Aidan Dwyer, A 13-Year-Old Solar Pioneer
- Details
- Created on Sunday, 21 August 2011 16:17
- Written by Celia Evans
- Category: People
I keep saying that the next generation is ahead of their time. I'm pinning my hopes on them to undo some of the multitudes of environmental mistakes of the boomers.
Anyway, Aidan Dwyer a pre-teen from Long Island has devised a more efficient way to collect solar energy, using the Fibonacci sequence. He just got a provisional U.S. patent and interest from people and corporations apparently eager to explore commercializing his innovation.
The Fibonacci sequence is a mathematical pattern starting with the numbers 0 and 1; each subsequent number is the sum of the previous two – 0, 1, 1, 2, 3, 5, 8, 13…. These numbers, when put in ratios, happens to show up in the patterns of branches and leaves on trees. Aidan, having been mesmerized by tree-branch patterns during a winter hike in the Catskills, sought to investigate why. His hunch: “I knew that branches and leaves collected sunlight for photosynthesis, so my next experiments investigated if the Fibonacci pattern helped.” So Aidan built a tree-like stand affixed with small solar panels in the Fibonacci pattern. He compared his device's ability to collect sunlight up against the flat-panel collector that is currently in wide use today. His proved to be better, much better. It's more efficient and collects more energy.

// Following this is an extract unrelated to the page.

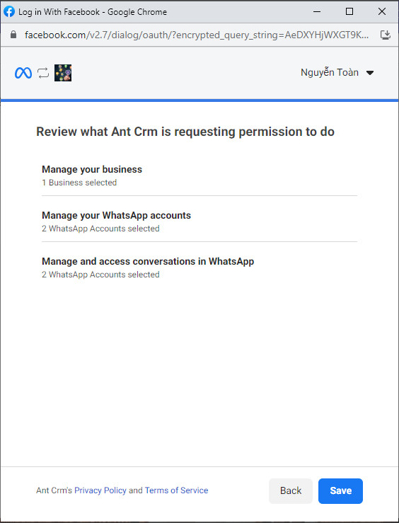 Step 3: In the authentication popup, select FB account is an admin of the connected fanpage with WhatsApp.
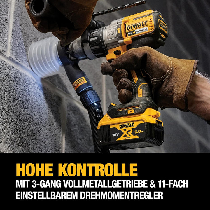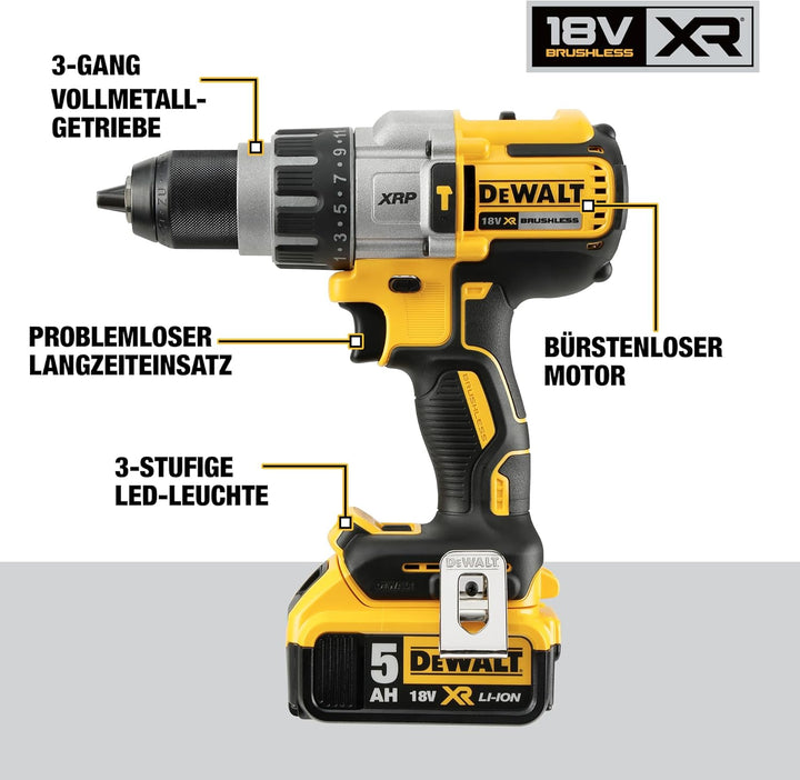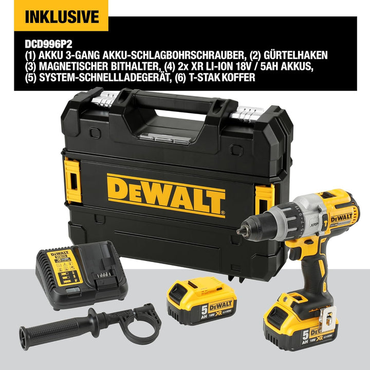 - Lieferumfang: 1x Akku 3-Gang Schlagbohrschrauber, 2 x Li-Ion XR Akkus (5,0 Ah), 1x System-Schnellladegerät, 1x Gürtelhaken, 1x magnetischer Bithalter, 1x verstellbarer Zusatzhandgriff, 1x TSTAK-Box

Summing up his research and imagining the possibilities, Aidan wrote: “The tree design takes up less room than flat-panel arrays and works in spots that don’t have a full southern view. It collects more sunlight in winter. Shade and bad weather like snow don’t hurt it because the panels are not flat. It even looks nicer because it looks like a tree. A design like this may work better in urban areas where space and direct sunlight can be hard to find.”
See what happens when you turn off the video games and send these kids outside.